Марина, жена моего брата. Мы не разговаривали года три – с тех пор, как я отказалась подписать какую-то бумагу «для мамы», не читая её.
– Говори, – сказала я.
– Там у Валентины Петровны шкаф стоит, полированный, с антресолью. Вам не нужен? А то мы в субботу грузчиков берём, всё равно на свалку повезут.
Булавка выскочила из пальцев и укатилась под раскроечный стол.
– Как это – стоит? А она где?
В трубке щёлкнуло: Марина переложила её в другую руку.
– Ну как где. Нин, ты с Сашей поговори, я вообще случайно узнала.
Она отключилась. Я доколола подгибку, отнесла пальто Тамаре и сказала, что беру полдня. Тамара работает со мной в приёмке двенадцать лет и по субботам подменяет меня без разговоров.
– Мать? – спросила она.
– Мать.
Про дарственную я узнала от самой матери, три года назад. Она позвонила и сообщила радостно, как про путёвку: «Я всё Сашеньке отписала, он за мной ходить будет до конца». Я сказала «хорошо» и потом полгода не звонила.
Дом на Гагарина стоит боком к дороге. Третий подъезд от угла, четвёртый этаж. На площадке пахло чужим ремонтом – клеем и известью.
Ключ у меня был свой, с головкой, обмотанной синей изолентой, чтобы не путать с гаражным. Он не влез.
В двери блестел новый цилиндр.
Я позвонила. Постояла. Позвонила ещё раз, долго.
Внизу почтовый ящик открылся тем же старым ключиком – его менять не стали. Внутри лежали две квитанции. В графе «собственник» стояло: Морозов А. В. Раньше там была она, Морозова В. П.
Последний раз я поднималась сюда позапрошлой осенью. Привезла ей лекарства, а она сказала: «Поставь на тумбочку и иди, у меня сериал».

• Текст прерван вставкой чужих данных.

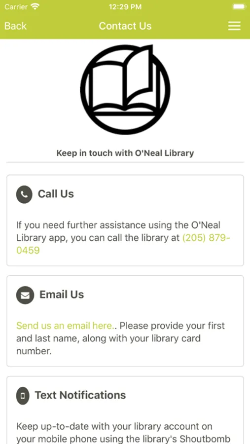 The O’Neal Library app is your gateway to the library’s services from your phone or tablet. You can check due dates, renew eligible items, store your library card, and search the library catalog.

Я сфотографировала обе квитанции, отправила брату и набрала его.
– Да? – ответил он бодро.
– Где мама?
– В санатории. Путёвку дали, подлечиться. Слушай, я за рулём.
– Саш. Квитанции на тебя.
Он замолчал. В машине у него работало радио, реклама пластиковых окон, и я успела дослушать её до конца.
– Ну и что. Она сама подарила, имеет право.
– Адрес санатория.
– Да погоди ты.
– Адрес.
– Верховье! – он почти крикнул. – Пансионат в Верховье, за Сосновкой. Довольна?
– Я сегодня туда поеду, – сказала я. – Если она там, я её заберу, комната у меня есть. А бумаги твои посмотрим при судье.
И положила трубку первой. Мелочь. Но за сорок лет – в первый раз.
Потом я набрала Марину.
– Марин. Шкаф вы куда вывозите?
– На свалку же, я говорила.
– А зачем комнату освобождаете?
Она замялась и всё-таки сказала:
– Ну мы там ремонт начали. Саша пока один поживёт, у нас тесно с детьми. Нин, ты только не думай, что мы её выгнали, она сама туда захотела, ей там компания.
Клей и известь на площадке. Пахло не от соседей: за этой дверью уже сдирали старые обои.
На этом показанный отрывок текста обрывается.